Эдвард хотел сказать, что он всего лишь странник, что останется на одну ночь, что утром уйдёт. Но не успел. В доме было действительно очень тепло. А ещё… он вдруг понял, как сильно проголодался.

Глава II. Вечный ужин

Стол был накрыт роскошно, почти по-королевски. Белоснежная вышитая скатерть – тонкая, с краями, словно обгрызенными молью, но всё равно изящная. Фарфор – тонкий, с золотым кантом. Вино темнело в графинах, как кровь в бурдюке. Свечи – длинные, капающие, в канделябрах из тёмного железа, горели удивительно ровно – ни один огонёк не дрожал.

– Садитесь, – пригласила миссис Вермильон, – у нас не принято заставлять еду ждать. Эдвард сел. Справа – мистер Вермильон, слева – дети.
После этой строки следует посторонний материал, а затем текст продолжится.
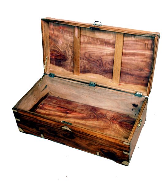 A Delightful Mid 19th Camphor Wood Military Campaign Trunk

Напротив – сама хозяйка, словно и впрямь была не просто хозяйкой вечера, а чем-то большим.

Ему подали густой луковый суп с пряной ноткой, затем запечённое мясо, что таяло на языке. Потом ягоды в сиропе, хлеб с изюмом, сыр с травами. Всё было невероятно вкусным, как в лучших трактирах столицы, как в детстве, которое он почти не помнил.

Но что-то было не так. Время… тянулось. Казалось, он сидел за столом уже час, два… три? За окнами всё ещё бушевала метель, но луна не двигалась. Она застыла высоко в небе, и её свет был слишком ровным, слишком ледяным.
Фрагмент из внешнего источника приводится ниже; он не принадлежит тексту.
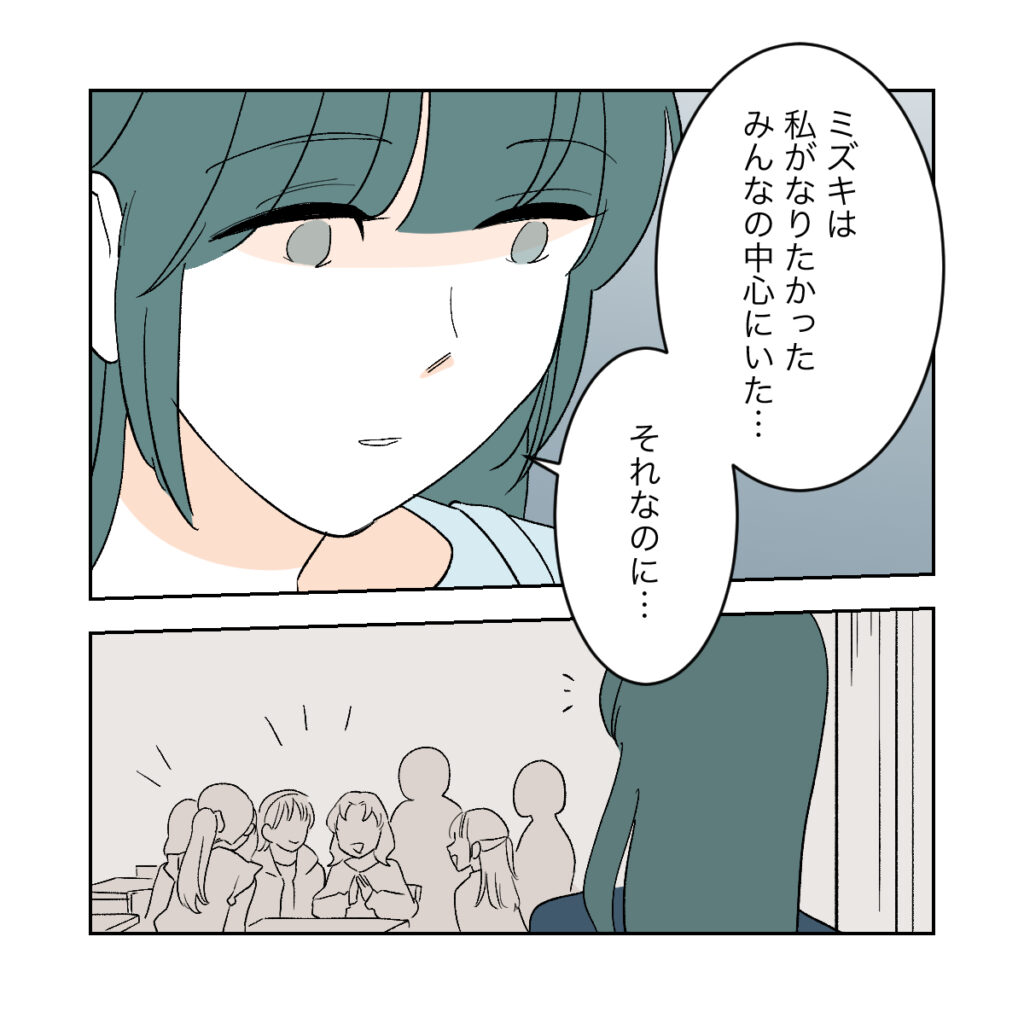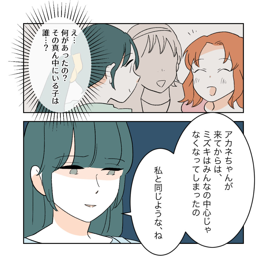「ミズキは私がなりたかったみんなの中心にいた・・・それなのに・・・」シズクは暗い表情でぽつりとつぶやきます。自分がいられなかったポジションに娘がいて、みんなの真ん中で楽しそうに笑っている、それだけで優越感に浸れていた。しかし、大事に築き上げてきたポジションは、アカネの登場によっていとも簡単に崩れ去ってしまったのです。

Семья говорила между собой странно – короткими фразами, будто заранее выученными репликами.

– Как прекрасна эта ночь, – говорил мистер Вермильон и улыбался, не мигая.

– Гость у нас с дороги, – добавляла миссис Вермильон, – надо подкрепить его душу.

– Кости у него звонкие, – прошептала девочка, играя куклой.

Эдвард усмехнулся, приняв это за причудливую манеру общения. Пока не заметил зеркало – старинное, с позолоченной резной рамой, висело над камином. В отражении он увидел только себя. Ни детей, ни миссис Вермильон, ни мистера, ни самого стола. Только он один сидит в пустой комнате. Перед ним голый стол, без свечей, без тарелок. Только толстый слой пыли.